Exercise aim
Produce an exact transcription of the data, with the images left out.

Given material
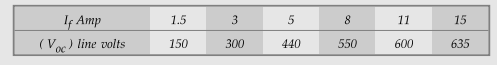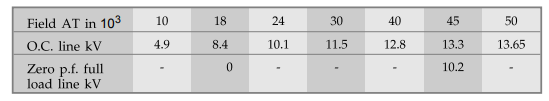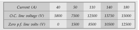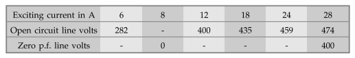 full load zero p.f. saturation characteristics data for 40 kVA, 400 V, 3 phase,
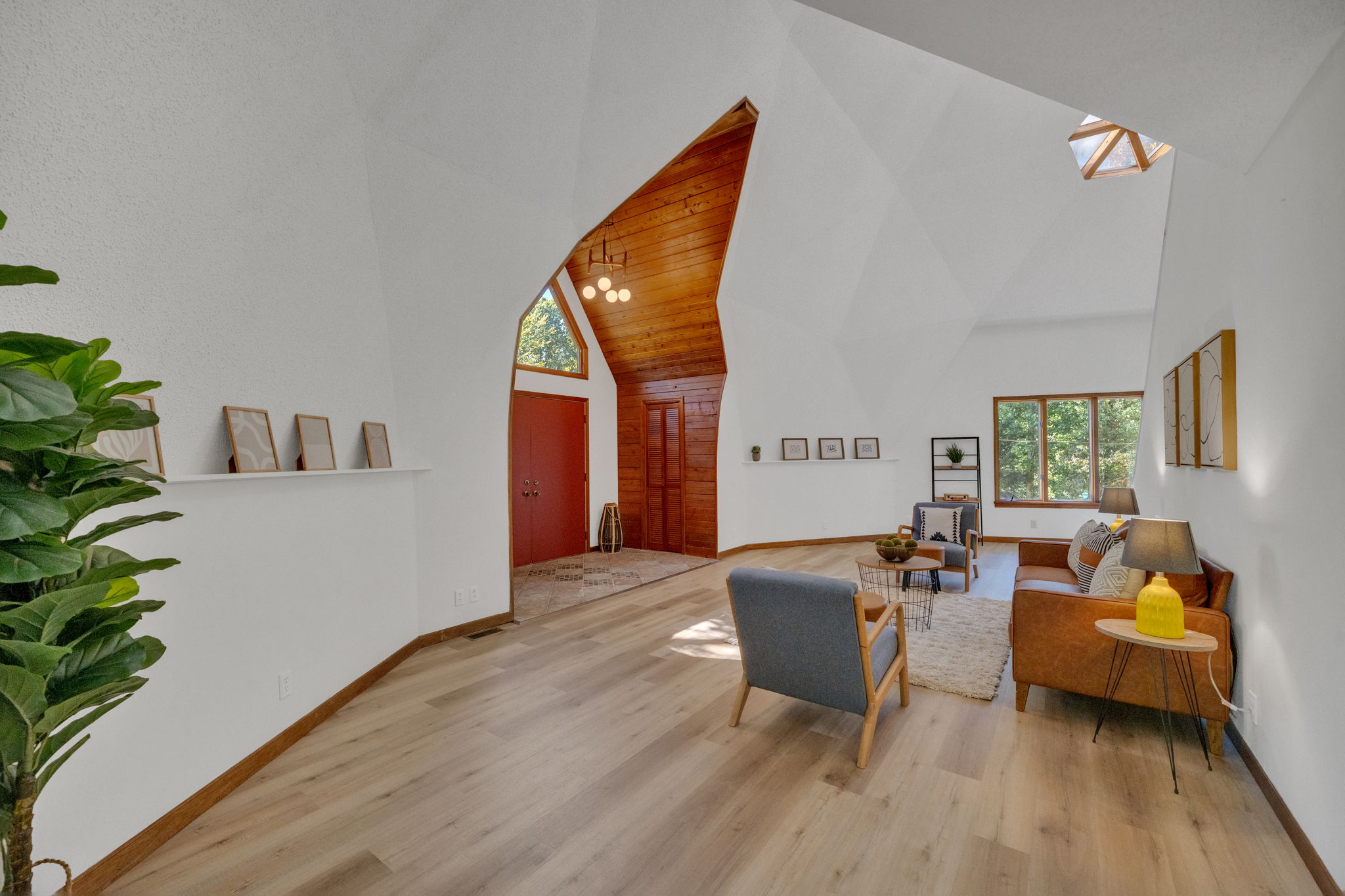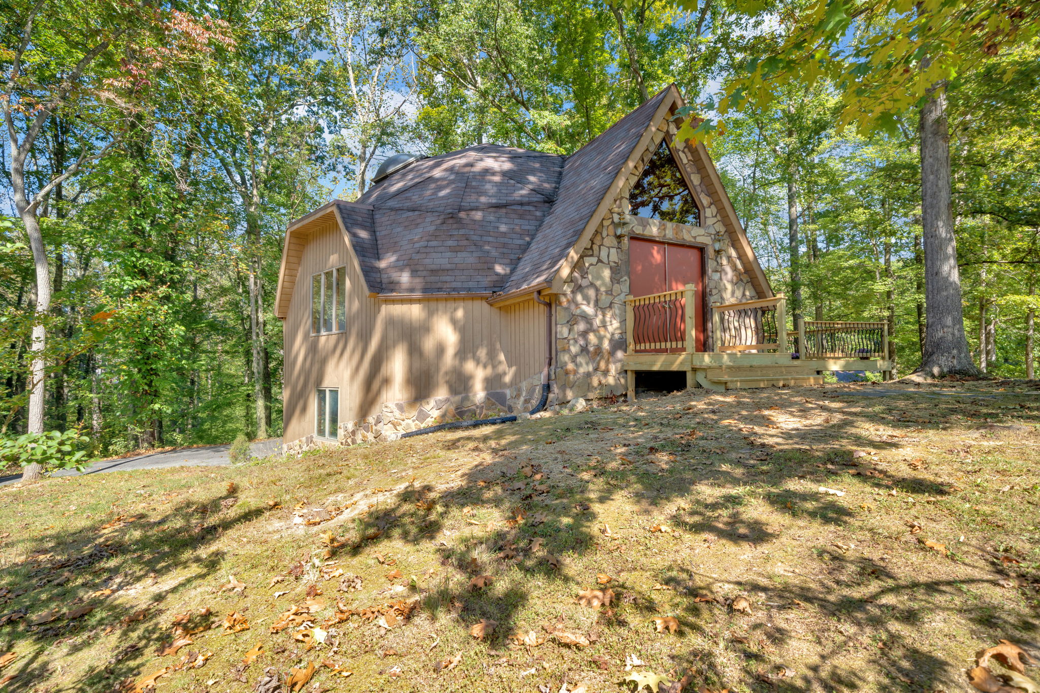 Discover a rare opportunity to own a one-of-a-kind geodesic-designed home nestled in the desirable Tanglewood Forest neighborhood. This charming 3 Bedroom 3 full bath home is surrounded by mature trees, natural shade, and a sense of privacy on a spacious corner lot, this home offers both charm and character in a peaceful setting.
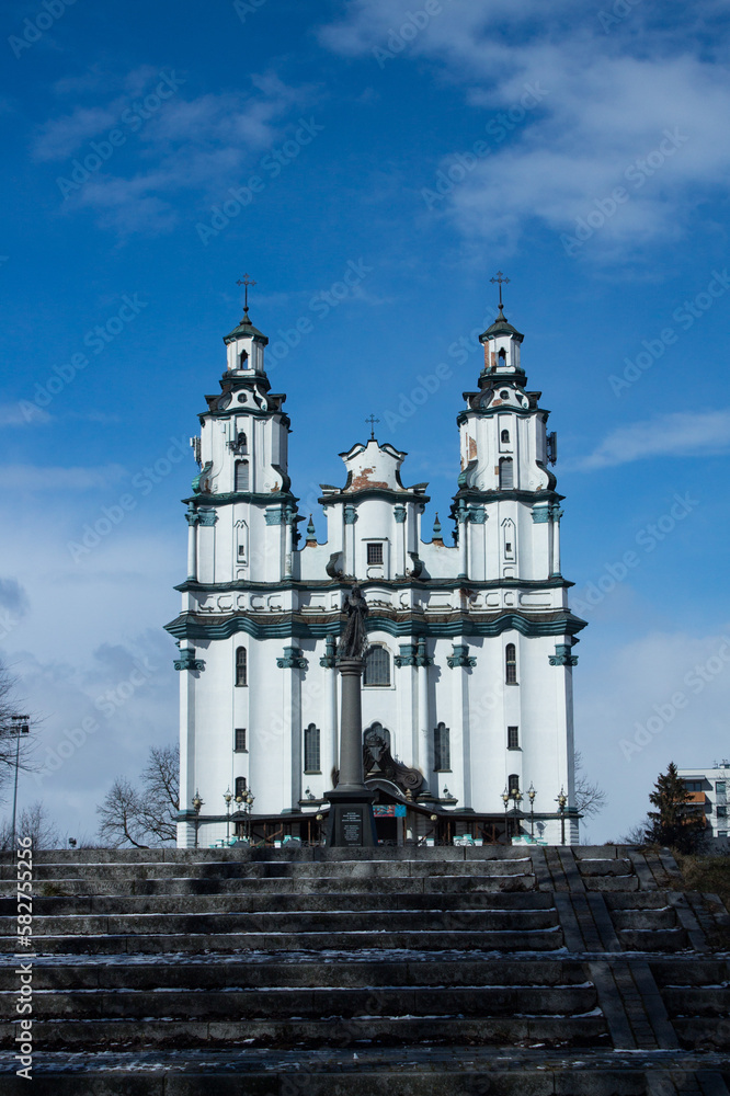19.03.2023 Białystok Polska. Piękny biały kościół katolicki na wzgórzu.

Output of the task
 full load zero p.f. saturation characteristics data for 40 kVA, 400 V, 3 phase,
 Discover a rare opportunity to own a one-of-a-kind geodesic-designed home nestled in the desirable Tanglewood Forest neighborhood. This charming 3 Bedroom 3 full bath home is surrounded by mature trees, natural shade, and a sense of privacy on a spacious corner lot, this home offers both charm and character in a peaceful setting.
19.03.2023 Białystok Polska. Piękny biały kościół katolicki na wzgórzu.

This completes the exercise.